So far, we have tested only how the GNM learns a single pattern. The key achievement of the MST is that a single neuron can learn to recognize multiple patterns and multiple classes of patterns. For example, there may be a set of patterns to which the MST responds with one spike and a set of patterns to which it responds with two spikes and so on. We now test whether the GNM can do the same. Similar to before, we interpret the GNM as “spiking” $n$ times if during the presentation of the pattern, the membrane potential crosses the readout threshold $ϑR$ from below $n$ times.
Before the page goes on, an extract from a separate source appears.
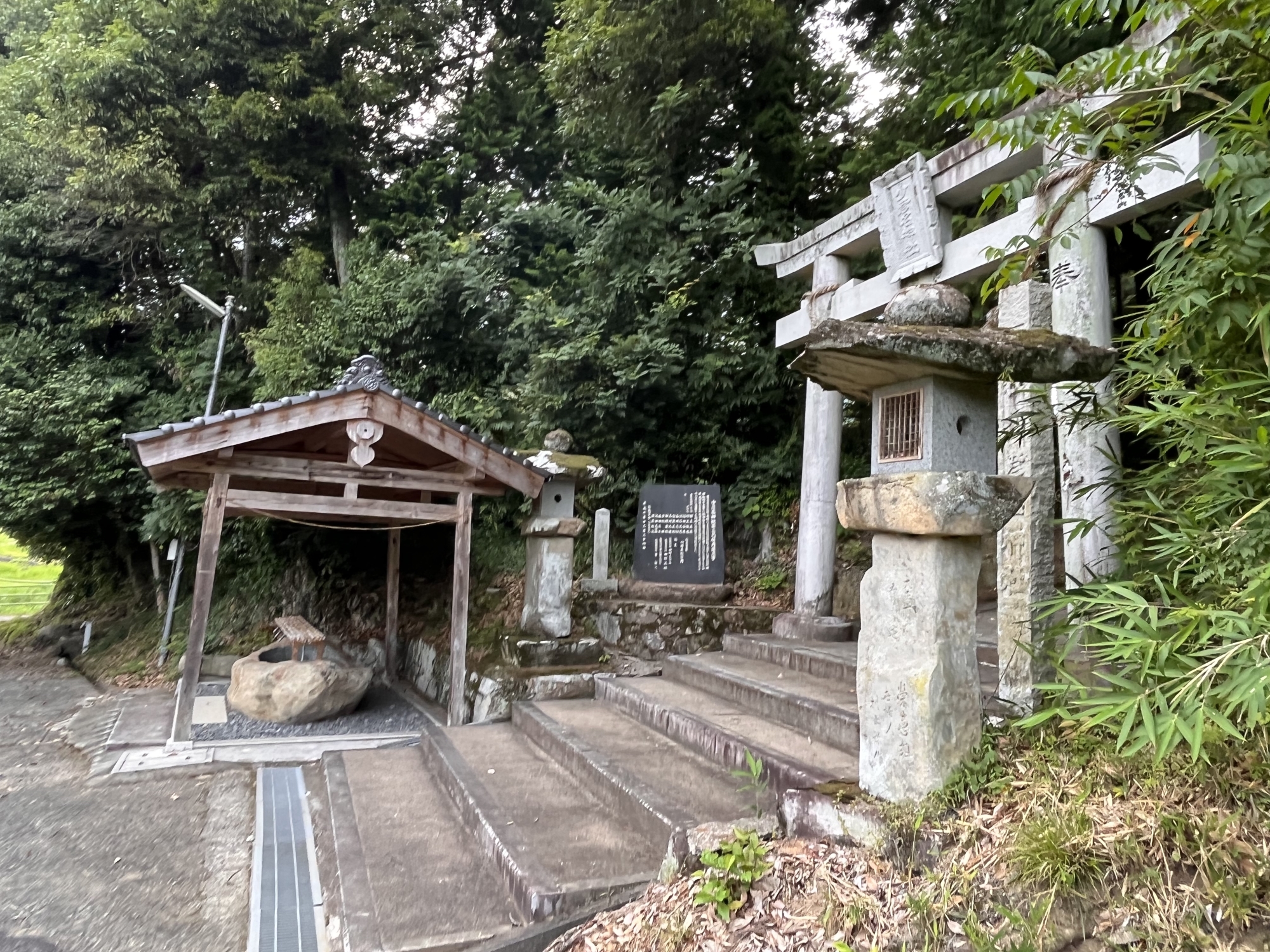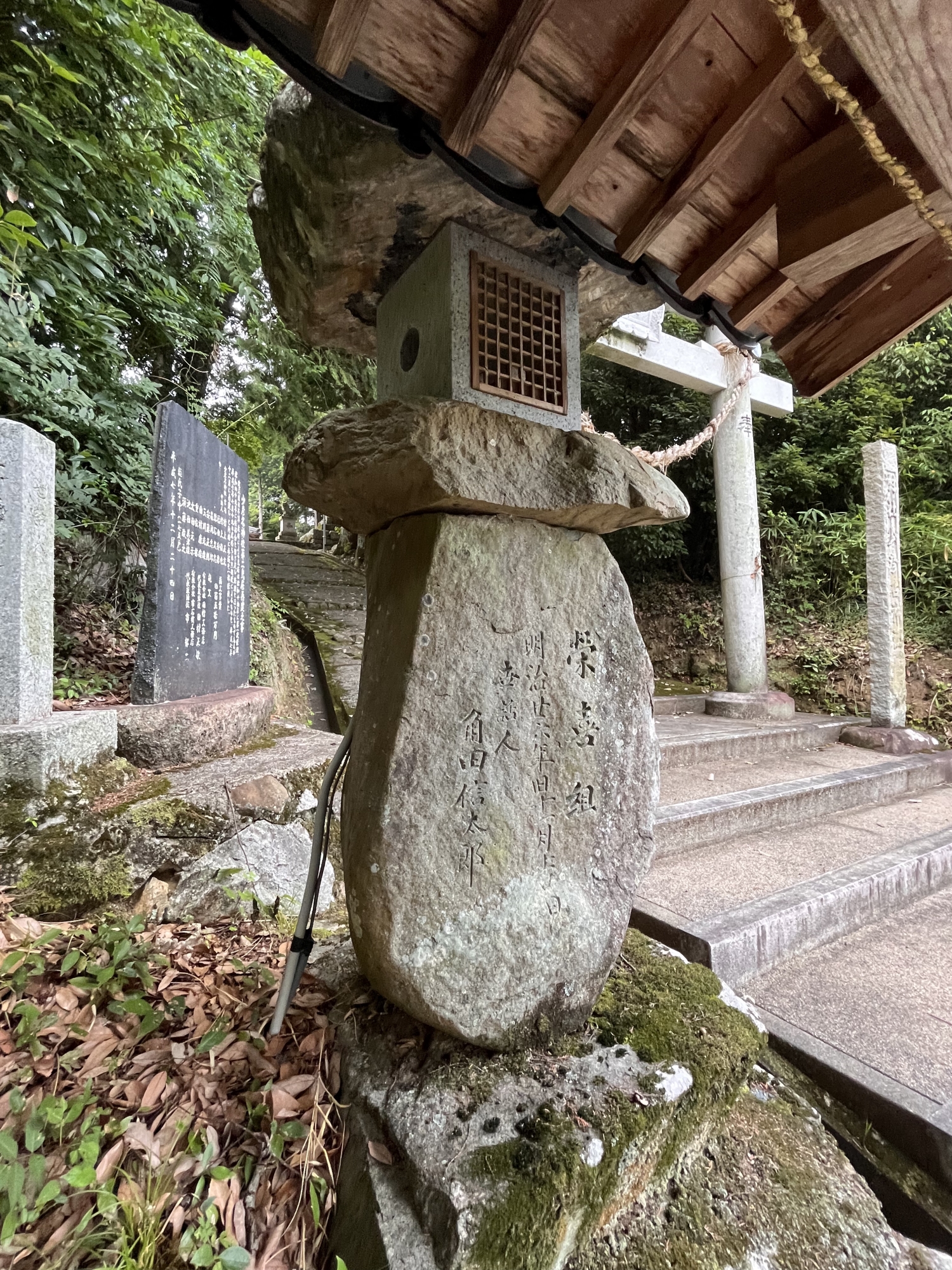 【一、本社創立又ハ主祭タル少彦名神勧請年月日不詳ナレトモ合祀タル伊邪那岐神、伊邪那美神、大己貴ノ三座ハ保元年間当大字ニ移住シタル倭文荘ノ地頭職森六郎コレヲ勧請ス、とあって由緒の大要を知ることができるのである。】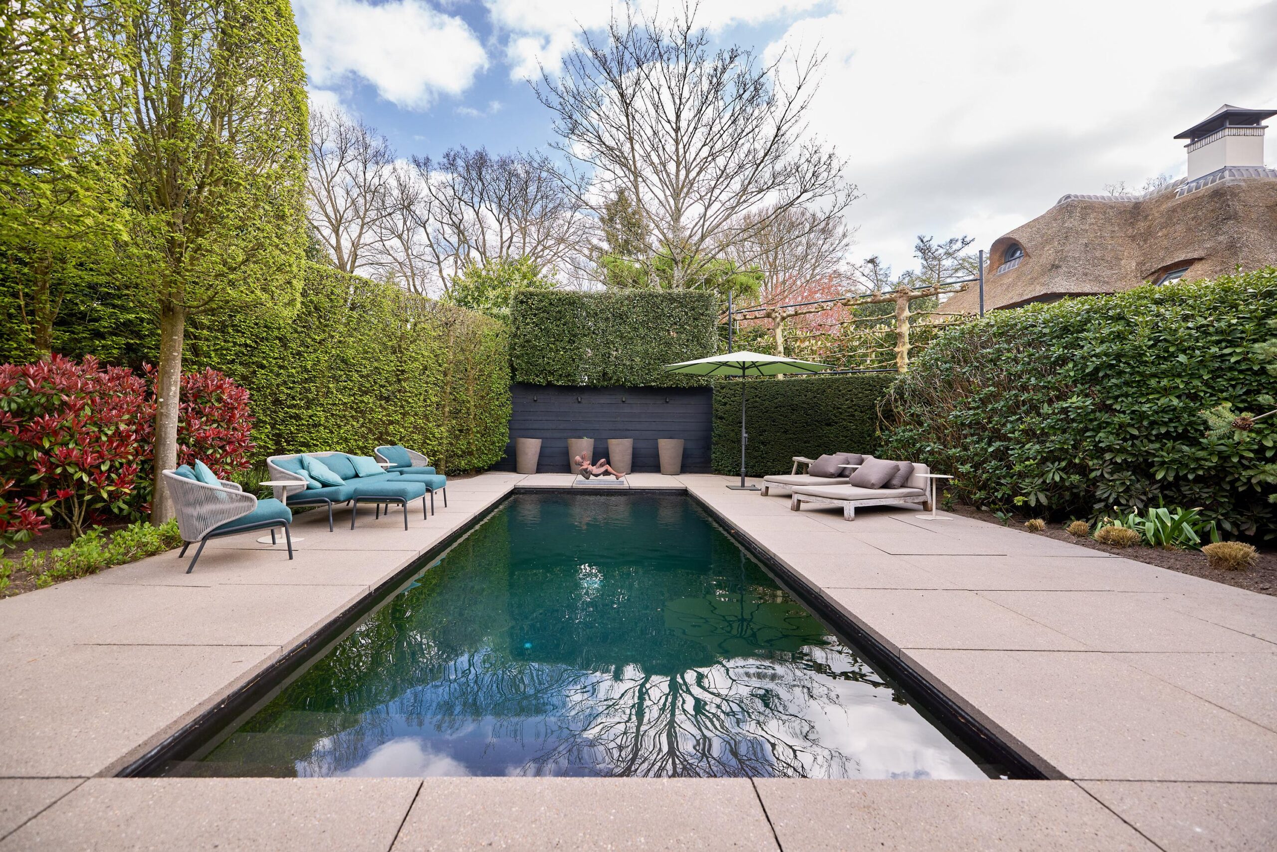 Tuin: de onderhoudsvriendelijke tuin biedt veel privacy en heeft diverse terrassen en een zwemvijver welke het geheel compleet maakt.

Using this convention, we found that the multipattern case shows a qualitatively similar picture in parameter space as the single pattern case (see Figure 5), including an optimal line. Altogether, however, the noisy performance of the GNM dropped quickly with the number of pattern classes. For example, in the case of four different classes, the GNM responds to noise, and thus fails, after approximately 200 time bins on average, in the best case (see Figure 5c). Again, as in the single class case, there does not appear to be any benefit in increasing $η$ above 0. While for some patterns the performance of the GNM with $η>0$ is better, there was no consistent best value of $η$, and the best model with $η=0$ was always comparable to the globally best result (see Figures 5b and 6). In order to understand this in more detail, we plot the noisy performance residuals graph (see Figure 6b and supplementary information S2). Here, we define residuals as a performance difference of the best $α$ for any given $η$ with the best performer from $η=0$. In simple terms, for each column in a heat map, we select the best row and compare it to $η=0$. Thus, negative values of the $y$-axis (i.e., points below the dashed line) indicate that the best performer for a particular $η$ was worse than that of $η=0$, for a given set of feature patterns. We found that most of the points fall under the dashed line, indicating that $η=0$ is competitive. One of the training simulations has exceeded the line. Given that the setup is identical for all simulations, apart from the random seed and the pattern, we take this as an indication that there is no fundamental performance difference between the parameters with $η=0$ and those with a positive $η$. In summary, we found that the GNM can perform well on the multilabel classification task with performance comparable to the more complicated MST model (indicated by the blue line on the color bars in Figures 4 and 5). Intriguingly, we also found that it is sufficient to consider the simplest nonspiking case of the GNM corresponding to $η=0$.
Figure 5:

Same as Figure 4, but for (a) two, (b) three, and (c) four classes of patterns.

Figure 5:

Same as Figure 4, but for (a) two, (b) three, and (c) four classes of patterns.

Figure 6:

(a) Noisy performance as a function of $α$ for same data as in Figure 5. The red line indicates $η=0$, and the blue lines show 40 other $η$ settings. (b) Noisy performance residuals for each of five training simulations as a function of $η$ in a range from 0.025 to 0.6. Residuals as a performance difference of the best $α$ for any given $η$ with the best performer from $η=0$. The deviation from the dashed line indicates the difference in performance in comparison to $η=0$. Negative values indicate that the best training for a particular $η$ was worse than $η=0$ (see supplementary information S2 for the same graph for one, two, and four classes of patterns). We find that only in a single run was $η=0$ suboptimal, thus conclude that there is a variation of performance that depends on the random seed given for pattern generation.

Figure 6:

(a) Noisy performance as a function of $α$ for same data as in Figure 5. The red line indicates $η=0$, and the blue lines show 40 other $η$ settings. (b) Noisy performance residuals for each of five training simulations as a function of $η$ in a range from 0.025 to 0.6. Residuals as a performance difference of the best $α$ for any given $η$ with the best performer from $η=0$. The deviation from the dashed line indicates the difference in performance in comparison to $η=0$. Negative values indicate that the best training for a particular $η$ was worse than $η=0$ (see supplementary information S2 for the same graph for one, two, and four classes of patterns). We find that only in a single run was $η=0$ suboptimal, thus conclude that there is a variation of performance that depends on the random seed given for pattern generation.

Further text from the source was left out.